Without the pictures, print the lines from the one holding "Kapolres Cilegon AKBP" through the last line below, both included, exactly as they stand.
-- -- --
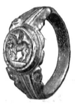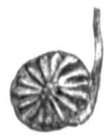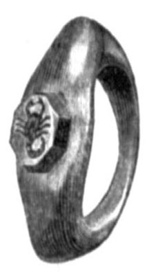 № 494. Тоже, детская. На руках ребенка находились малые бронзовые браслеты, от которых кости окрасились в зеленый цвет. Кроме браслетов найдено 16 бусок из темно-серой пасты, четырехгранной формы. № 495. Тоже. В ней найдены: перстень серебряный массивный, удлиненной формы, с сердоликом, на котором вырезан скорпион (рис. 101) , и фибула серебряная большая, поврежденная. № 496. Тоже. В ней найдены: чашечка глиняная одноручная; 5 кусочков серы, находившиеся внутри чашечки, и 9 бусок из желтого стекла, соединенные по три вместе. № 497. Тоже. В ней найдены: кувшинчик глиняный одноручный; 2 пряжки железные и 4 бусы из стекла.
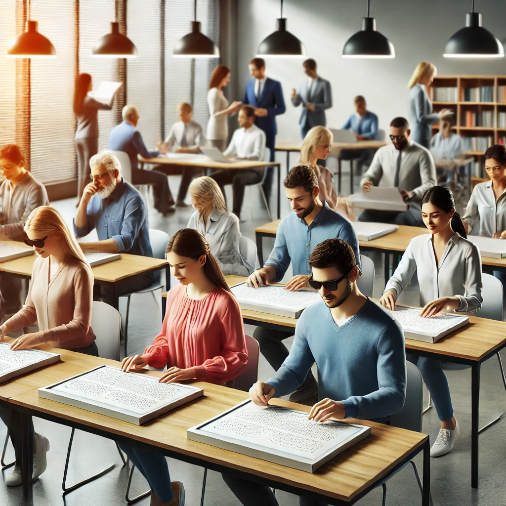 점자 능력은 시각 장애인의 취업 기회를 넓히고, 사회에 참여할 수 있도록 돕습니다. 점자를 통해 독립적으로 문서 작성이나 자료를 읽을 수 있어 사무직부터 전문직까지 다양한 직업에 종사할 수 있습니다. 또한 점자 시스템은 업무 효율성을 높여주며, 시각 장애인들이 사회의 중요한 구성원으로 기여할 수 있는 가능성을 제공합니다.
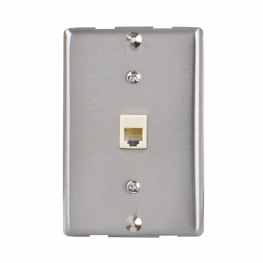 The Zenith Universal Wall Phone Jack with Silver finish is for surface mounting to a standard outlet box. The silver trim adds an industrial and modern decor.
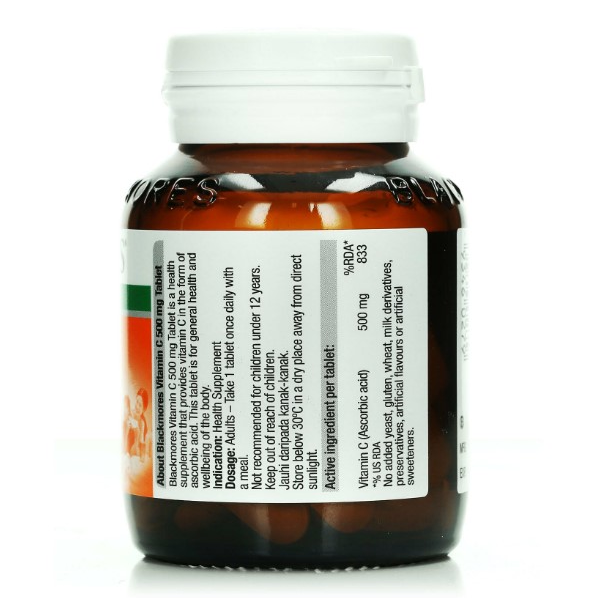 Blackmores Vitamin C 500 is a dietary supplement that provides vitamin C in the form of ascorbic acid. This easy-to-swallow tablet is suitable for those who require additional vitamin C for general health and wellbeing of the body.
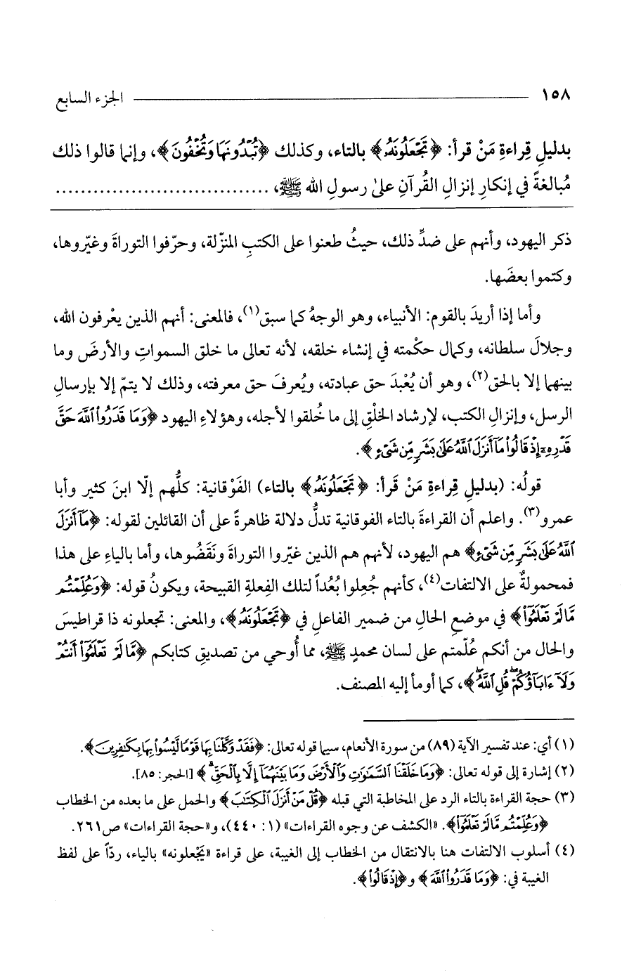 قوله: (بدليل قراءة من قرأ: (تَجْعَلُونَهُ) بالتاء) الفوقانية: كلهم إلا ابن كثير وأبا عمرو. واعلم أن القراءة بالتاء الفوقانية تدل دلالة ظاهرةً على أن القائلين لقوله: (مَا أَنزَلَ اللَّهُ عَلَى بَشَرٍ مِّن شَيْءٍ) هم اليهود، لأنهم هم الذين غيروا التوراة ونقضوها، وأما بالياء على هذا فمحمولة على الالتفات، كأنهم جعلوا بعداً لتلك الفعلة القبيحة، ويكون قوله: (وعُلِّمْتُم مَّا لَمْ تَعْلَمُوا) في موضع الحال في ضمير الفاعل في (تَجْعَلُونَهُ)، والمعنى: تجعلونه ذا قراطيس والحال من أنكم علمتم على لسان محمد صلي الله عليه وسلم، مما أوحي من تصديق كتابكم (مَّا لَمْ تَعْلَمُوا أَنتُمْ ولا آبَاؤُكُمْ قُلِ اللَّهُ)، كما أومأ إليه المصنف.
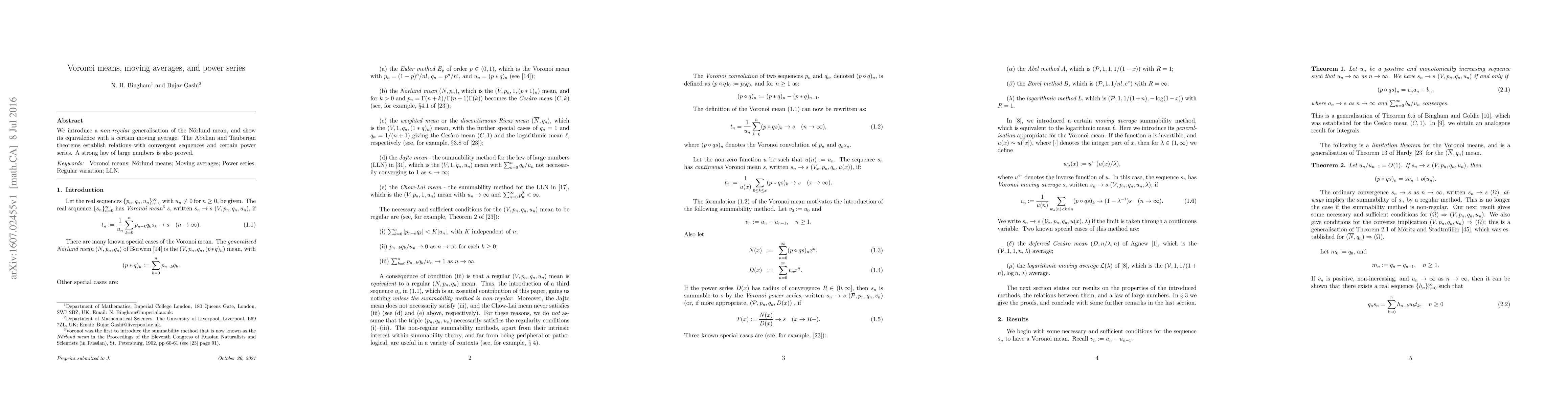 We introduce a {\it non-regular} generalisation of the N\"{o}rlund mean, and show its equivalence with a certain moving average. The Abelian and Tauberian theorems establish relations with convergent sequences and certain power series. A strong law of large numbers is also proved.
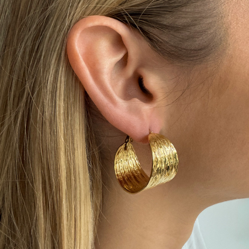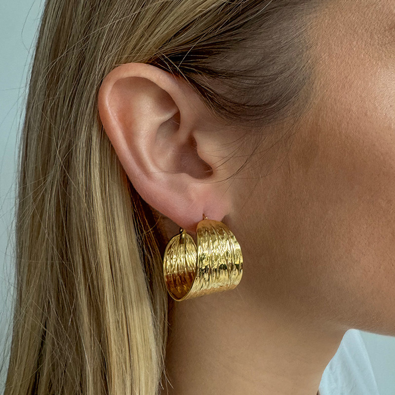 Créoles épaisses en acier doré avec une texture froissée raffinée. Un bijou tendance à la finition lumineuse et originale.
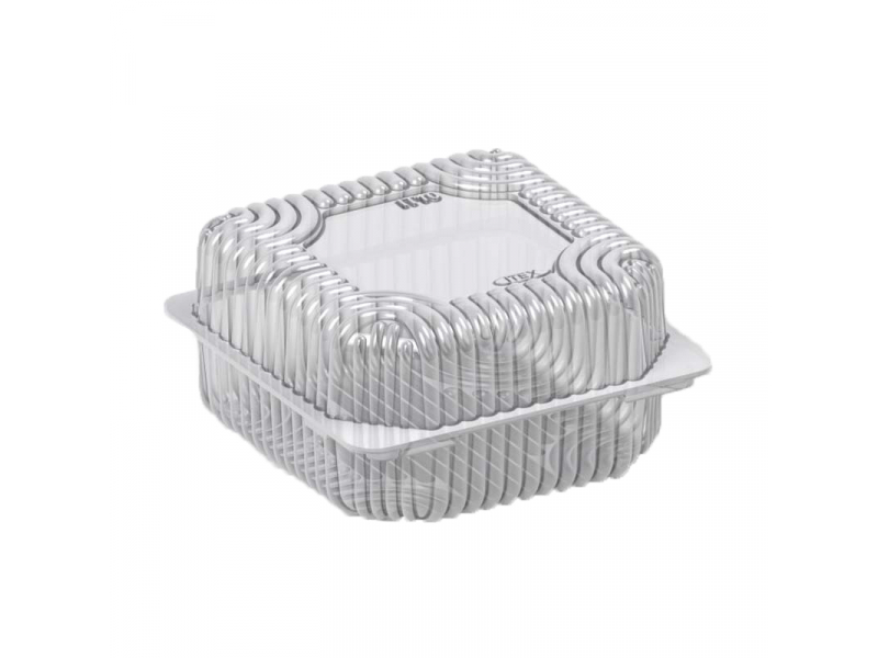Vienreizlietojamie trauki, taisnstūrveida, 107 x 107 x 62 mm, ar atliekamu vāku, caurspīdīgi, plastmasas, RPET, 50 gab. iepakojumā, 1200 gab. kastē
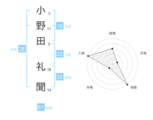 小野田 礼聞さんを姓名の画数から五運を鑑定
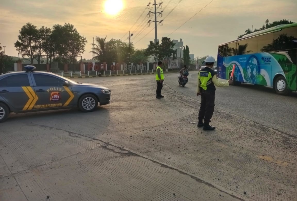 Kapolres Cilegon AKBP Kemas Indra Natanegara Melalui Kapolsek Kskp Banten Polres Cilegon IPTU Fredo Leonard menyampaikan Laksanakan Pengamanan Sesuai plotinganya lakukan Pengaturan Supaya Arus Lalu Lintas tetap Berjalan lancar dan Pastikan tidak ada hambatan.
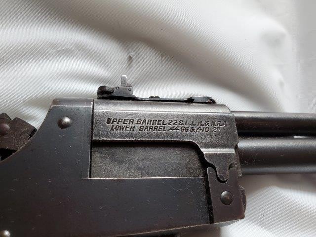 Make: MarblesModel: Game Getter Model 1921Action: BreakBarrels: 2Caliber: .22 S/L/LR & N.R.A / .44 GG .410 2Barrel Length: 18"Overall Length: 33"Shot: 0Status: Appraised
-- -- --
**RESPONSE TO THE EXERCISE:**
 Kapolres Cilegon AKBP Kemas Indra Natanegara Melalui Kapolsek Kskp Banten Polres Cilegon IPTU Fredo Leonard menyampaikan Laksanakan Pengamanan Sesuai plotinganya lakukan Pengaturan Supaya Arus Lalu Lintas tetap Berjalan lancar dan Pastikan tidak ada hambatan.
 Make: MarblesModel: Game Getter Model 1921Action: BreakBarrels: 2Caliber: .22 S/L/LR & N.R.A / .44 GG .410 2Barrel Length: 18"Overall Length: 33"Shot: 0Status: Appraised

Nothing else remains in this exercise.